1-800-FLORALS

28 December 2024

28 December, The Dullest Day for a Decade


Not much happened on this day since 2012, according to the daily gratitude lists I've kept for almost a decade (skipped a few years, sometime around my husband's death and my recovery from surgery, 2015-2018). Even my Facebook memories are dull for this day. Probably due to that "nothing is happening" syndrome that occurs during the lull between many a Christmas and New Year.

In 2012, I moved my daughter from her college town of Memphis to my house in Kentucky. In 2013, I was in Virginia, as witnessed by the fuzzy photo of that huge poinsettia my mother received as a gift.

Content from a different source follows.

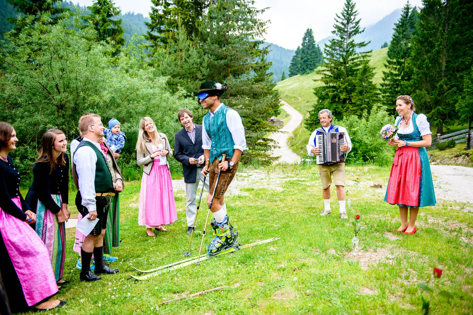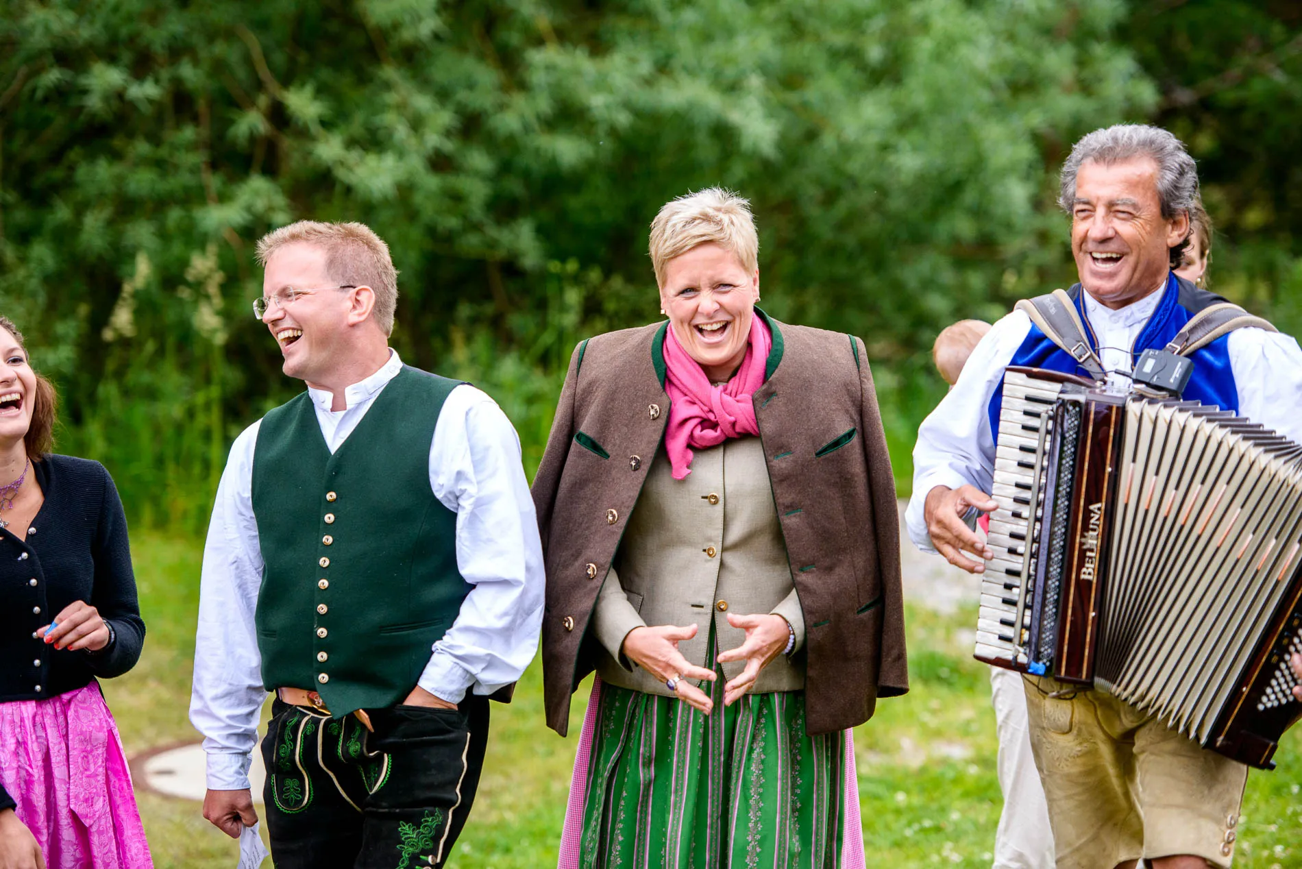 Oben angekommen, wartete schon der musikalische Empfang: „Bayern-Hans“ mit seinem Akkordeon. Während er die ersten Töne spielte, habe ich die ankommenden Gäste fotografisch eingefangen. Das Brautpaar wanderte gemeinsam mit den meisten Gästen hoch – und wurde so gleich doppelt begrüßt: musikalisch und fotografisch. Ein schöner Moment, der die Stimmung für den Tag vorgab: herzlich, entspannt und mit einer Prise alpiner Bodenständigkeit.

By 2014, I was with dad in Virginia, where I commented that I thought he was doing well. Also noted that my cousin was moving from Pennsylvania to about five miles from dad to take care of his mother (my father's sister). He's been there since.

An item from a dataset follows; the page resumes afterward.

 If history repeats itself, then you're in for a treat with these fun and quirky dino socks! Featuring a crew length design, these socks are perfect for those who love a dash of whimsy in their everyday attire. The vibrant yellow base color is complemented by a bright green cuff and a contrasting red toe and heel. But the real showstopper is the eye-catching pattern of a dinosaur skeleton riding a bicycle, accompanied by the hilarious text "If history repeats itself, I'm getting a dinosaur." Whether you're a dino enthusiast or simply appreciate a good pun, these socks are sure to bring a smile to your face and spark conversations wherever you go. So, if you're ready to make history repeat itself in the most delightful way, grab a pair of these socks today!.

In 2015, I was without a husband, as he died a year and one month after my mother, in July. I had quit smoking a month after his death, and I commented that I didn't have to take as many showers at dad's place, because I didn't smell like smoke. Dad and I settled into a tradition where I would join him every Christmas week. We would eat at King's Island Restaurant for one meal. Christmas breakfasts would consist of my mother's oyster stew. We also took walks around the mall (see photo above), and he was always ahead of me. This was not an activity that included talking, obviously. In the evenings, we'd have a glass of wine and watch Hallmark Movies.

I found his addiction to Hallmark movies hilarious, as he never finished watching a movie when mom wanted him to sit with her to watch one. He always said he knew how it would end, and he had better things to do. Always a disappointment to mom in that arena. I even told dad that mom would be turning over in her grave knowing that he was watching one to two movies every evening...all the way to the end. He especially loved the castle movies with the waltzes. I ended up buying a few waltz CDs so he could listen to the music.

I miss those few years I had with dad alone for a number of reasons, mainly because I was as lonely as he was. But, traditions always change. If they don't, then they end and all we have are memories. If we don't share memories, then those stories die with us.